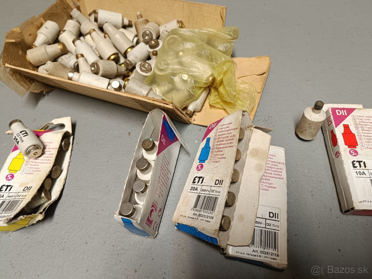 Predám domové poistky rôzne druhy, 10A 20A 25A odhadom cca 50ks sú tam aj úplne nové, nepoužité... sú tam aj nejaké objímky.Pošlem aj na dobierku - cena 10€+ poštovné
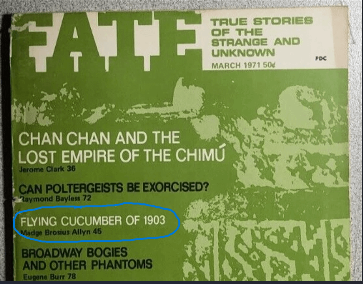 That was the title of an article by Madge Brosius Allyn that appeared in FATE magazine, Issue No. 252, March 1971.
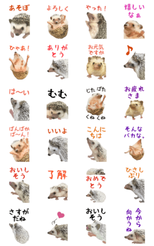 「いきもの大好き!ほほえみフレンズ」より、ハリネズミのBIGスタンプが登場!はりねずみ、小動物、生き物、動物が好きな方は是非!写真「実写」を使ったリアルで日常的な仕様
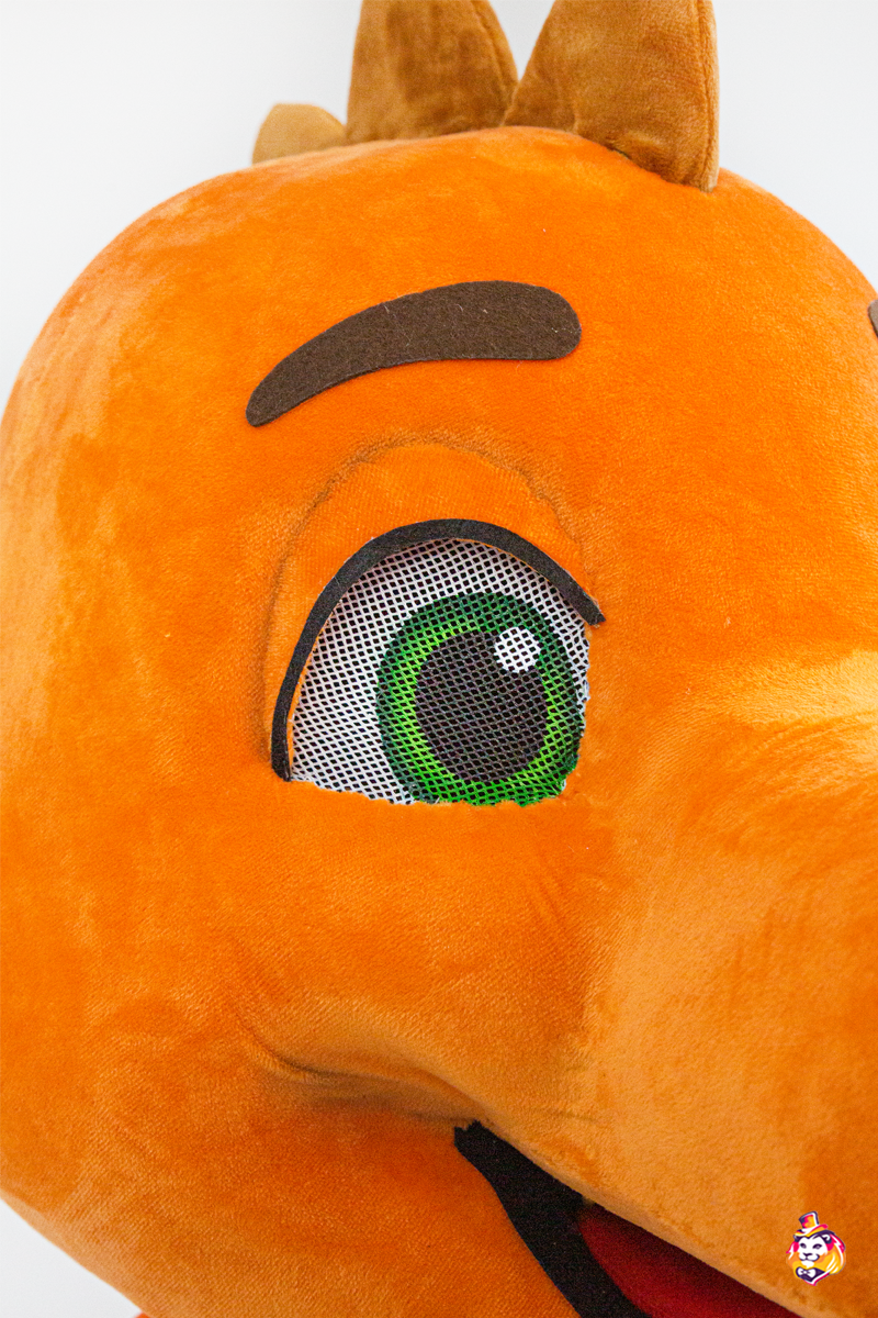 Комплектация:Голова - поролоновый каркас, обтянутый тканью; смотровая область во рту; доп. вентиляционное отверстие в глазах. Туловище - проработанный комбинезон, футболка, перчатки, обувь (поролоновый каркас, обтянутый тканью, на полиуретановой подошве) |
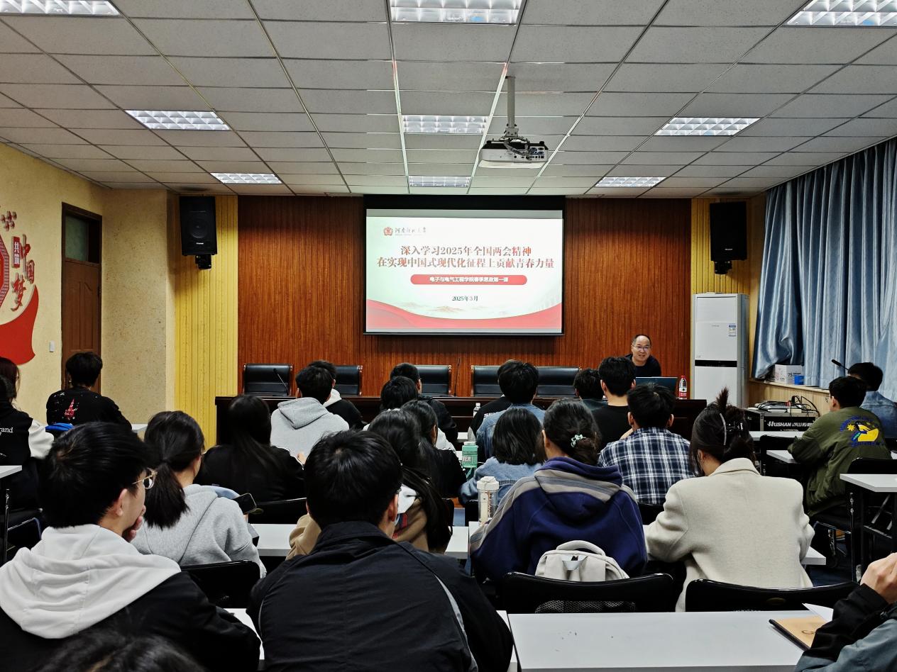 为深入学习2025年全国两会精神,引导青年学生坚定理想信念、积极投身时代发展,3月20日晚,我院在学院C208会议室开展春季开学思政第一课。思政课由学院党委书记高飞主讲,2024级学生参加。高飞从党的二十届三中全会的重大意义、全面深化改革的总目标、重大原则和重大举措等方面对党的二十届三中全会精神进行了详细解读。围绕全国两会的提出的新理念、经济社会发展总体要求和政策取向、重点工作等方面,对2025年全国两会重点内容进行详细阐述。他强调,新一轮科技革命和产业变革深入发展,为青年发展提供了广阔舞台,同学们要抓住历史机遇,在时代大潮中实现人生价值;树立远大理想,将个人发展融入国家战略,培养家国情怀;要脚踏实地,夯实专业基础,积极参与社会实践,勇于创新,敢于探索,将理论知识转化为实际成果。

WHAT YOU NEED TO DO
What is needed is a word-for-word copy of the data above, free of any images.

ANSWER BELOW
 Predám domové poistky rôzne druhy, 10A 20A 25A odhadom cca 50ks sú tam aj úplne nové, nepoužité... sú tam aj nejaké objímky.Pošlem aj na dobierku - cena 10€+ poštovné
 That was the title of an article by Madge Brosius Allyn that appeared in FATE magazine, Issue No. 252, March 1971.
 「いきもの大好き!ほほえみフレンズ」より、ハリネズミのBIGスタンプが登場!はりねずみ、小動物、生き物、動物が好きな方は是非!写真「実写」を使ったリアルで日常的な仕様
 Комплектация:Голова - поролоновый каркас, обтянутый тканью; смотровая область во рту; доп. вентиляционное отверстие в глазах. Туловище - проработанный комбинезон, футболка, перчатки, обувь (поролоновый каркас, обтянутый тканью, на полиуретановой подошве) |
 为深入学习2025年全国两会精神,引导青年学生坚定理想信念、积极投身时代发展,3月20日晚,我院在学院C208会议室开展春季开学思政第一课。思政课由学院党委书记高飞主讲,2024级学生参加。高飞从党的二十届三中全会的重大意义、全面深化改革的总目标、重大原则和重大举措等方面对党的二十届三中全会精神进行了详细解读。围绕全国两会的提出的新理念、经济社会发展总体要求和政策取向、重点工作等方面,对2025年全国两会重点内容进行详细阐述。他强调,新一轮科技革命和产业变革深入发展,为青年发展提供了广阔舞台,同学们要抓住历史机遇,在时代大潮中实现人生价值;树立远大理想,将个人发展融入国家战略,培养家国情怀;要脚踏实地,夯实专业基础,积极参与社会实践,勇于创新,敢于探索,将理论知识转化为实际成果。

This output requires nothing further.